Subsets II
Given a collection of integers that might contain duplicates, S, return all possible subsets.
Note:
- Elements in a subset must be in non-descending order.
- The solution set must not contain duplicate subsets.
For example,
If S = [1,2,2]
, a solution is:
[ [2], [1], [1,2,2], [2,2], [1,2], [] ]
思路:在SubSet基础上,取消重复项。如果该数字与上一数字重复,则只在报告该数字的ArrayList中增加该数字。

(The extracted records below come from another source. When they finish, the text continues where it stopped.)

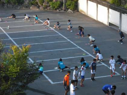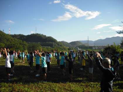6時15分から朝礼を行います。その前に軽いジョギングなどの朝練習を行う部活動もあります。
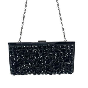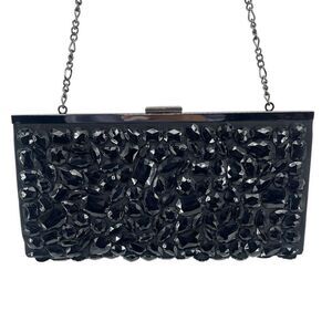 white house black market whbm black beaded evening clutch hard case purse chain strap frame clasp cocktail formal wedding party handbag womens accessory
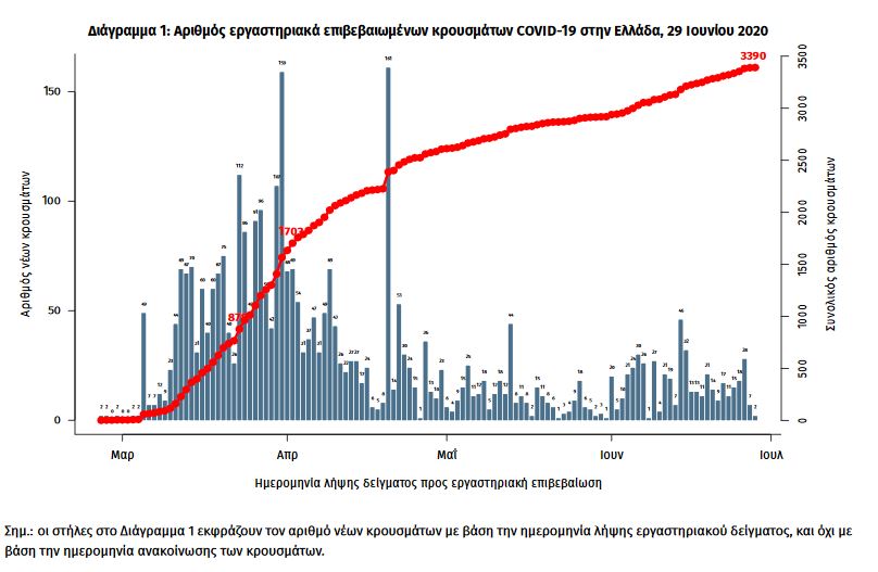 Σήμερα ανακοινώνουμε 15 νέα κρούσματα του νέου ιού στη χώρα. Ο συνολικός αριθμός των κρουσμάτων είναι 3390, εκ των οποίων το 54.9% άνδρες αφορά άνδρες. 757 (22.3%) θεωρούνται σχετιζόμενα με ταξίδι από το εξωτερικό και 1881 (55.5%) είναι σχετιζόμενα με ήδη γνωστό κρούσμα.

需要用几个cnt记录上一次增加的集合数;
- public ArrayList<ArrayList<Integer>> subsetsWithDup(int[] num) {
- ArrayList<ArrayList<Integer>> res = new ArrayList<ArrayList<Integer> >();
- ArrayList<Integer> cur = new ArrayList<Integer>();
- ArrayList<Integer> tmp;
- res.add(cur);
- int nl = num.length;
- if(nl==0) return res;
- Arrays.sort(num);
- int cnt=0;
- for(int i=0;i<nl;i++) {
- int sz = res.size();
- if(i>0 && num[i]==num[i-1]) {
- for(int j=cnt-1;j>=0;j--) {
- //tmp.clear();
- tmp = new ArrayList<Integer>(res.get(sz-j-1));
- tmp.add(num[i]);
- res.add(tmp);
- }
- } else {
- cnt = sz;
- for(int j=cnt-1;j>=0;j--) {
- tmp = new ArrayList<Integer>(res.get(sz-j-1));
- tmp.add(num[i]);
- res.add(tmp);
- }
- }
- }
- return res;
- }
思路二:去重的dfs,常规的dfs,遍历下一个状态集合。
- vector<vector<int> > result;
- void subset(vector<int> &S,vector<int> &cur,int start) {
- result.push_back(cur);
- for(int i=start;i<S.size();i++) {
- if(i!=start&&S[i]==S[i-1]) continue;
- cur.push_back(S[i]);
- subset(S,cur,i+1);
- cur.pop_back();
- }
- }
- vector<vector<int> > subsetsWithDup(vector<int> &S) {
- int N=S.size();
- sort(S.begin(),S.end());
- vector<int> cur;
- subset(S,cur,0);
- return result;
- }
思路三:最传统,先保存,在去重
- vector<vector<int> > subsetsWithDup(vector<int> &S) {
- int N=S.size();
- sort(S.begin(),S.end());
- set<vector<int> > res;
- vector<vector<int> > result;
- for(int i=0;i<pow(2,N);i++) {
- vector<int> tmp;
- for(int j=0;j<N;j++) {
- if((i>>j)&1) {
- tmp.push_back(S[j]);
- }
- }
- res.insert(tmp);
- }
- copy(res.begin(),res.end(),back_inserter(result));
- return result;
- }